2.7 Statistical analysis
Statistical analysis and plots were generated using R statistical software (v4.2.1; R Core Team 2022, Austria). Normalities of the distributions were assessed using a Shapiro–Wilk test. Depending on the nature of each distribution, either the ANOVA or Kruskal-Wallis tests were used to analyze differences between the groups. Pairwise comparisons of the groups were performed using Tukey’s Honest Significant Difference or the Wilcoxon rank sum test with a Bonferroni p-value correction. To assess differences between sampling timepoints, a Repeated Measures ANOVA or Friedman test was used; the Repeated Measures ANOVA accounted for Group, Sampling timepoint and the Group:Sampling timepoint interaction. Cows were included as a random effect. Correlations were analyzed using Spearman’s correlation tests with a Holm p-value correction. The effects of hair/skin black area on 25(OH)D production were assessed using linear regression. The threshold for statistical significance was set at p < 0.05.
3 Results
All three groups were comparable in terms of parameters measured at the beginning of the study (Table 4). No adverse effects of UV irradiation were observed in any cow during the study.

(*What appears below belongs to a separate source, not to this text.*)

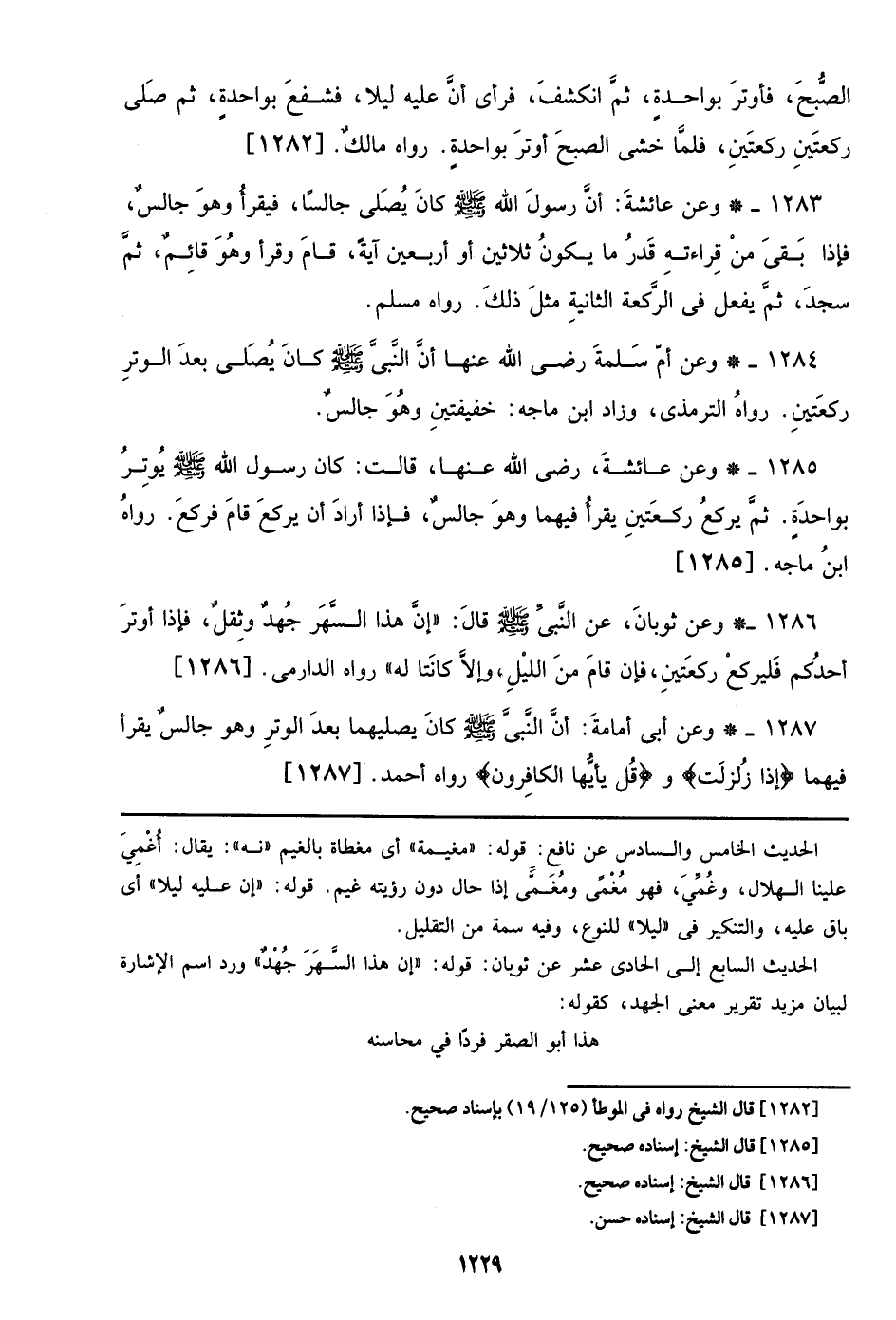 1285 - وعن عائشة، رضي الله عنها، قالت: كان رسول الله صلى الله عليه وسلم يوتر بواحدة. ثم يركع ركعتين يقرأ فيهما وهو جالس، فإذا أراد أن يركع قام فركع. رواه ابن ماجه. [1285]

Table 4. Comparison between the Holstein Friesian cow groups at the first sampling timepoint (day 0) with a one-way ANOVA (x̄ ± SEM).
3.1 25(OH)D production
There were significant differences in blood serum 25(OH)D dynamics between groups (p < 0.05), sampling timepoints (p < 0.001) and group—sampling timepoint interaction (p < 0.001; Figure 2; Table 5). Serum 25(OH)D concentrations in the shaven group increased the most (mean 13.4 ng/mL), followed by those from the unshaved group (mean 10 ng/mL). There was a small nonspecific increase in 25(OH)D concentrations of the control group between the first and second sampling timepoints (mean 5.1 ng/mL) after which the concentrations remained fairly constant. The differences between the 25(OH)D concentrations of the groups were significant (Table 5). 73.3% of cows in the irradiated groups exceeded the insufficiency cut-off (20 ng/mL 25(OH)D), and one cow in the shaved group reached optimal 25(OH)D levels (>30 ng/mL 25(OH)D) (1).
Figure 2. Differences between serum 25-hxdroxyvitamin D (25(OH)D) concentration at day 0 and days 7, 30 and 60 in the three treatment Holstein Friesian cow groups. The shaved group was irradiated daily dose of 80 J/m2. The Unshaved group was irradiated with a maximal dose that daily automatic milking time allowed but did not exceed 360 J/m2. The control group received no irradiation. *statistically significant difference at p < 0.05, **statistically significant difference at p < 0.001.
Table 5. Descriptive statistics of total serum 25-hydroxyvitamin D (25(OH)D) concentrations by cow group and sampling timepoint (̄mean ± SEM).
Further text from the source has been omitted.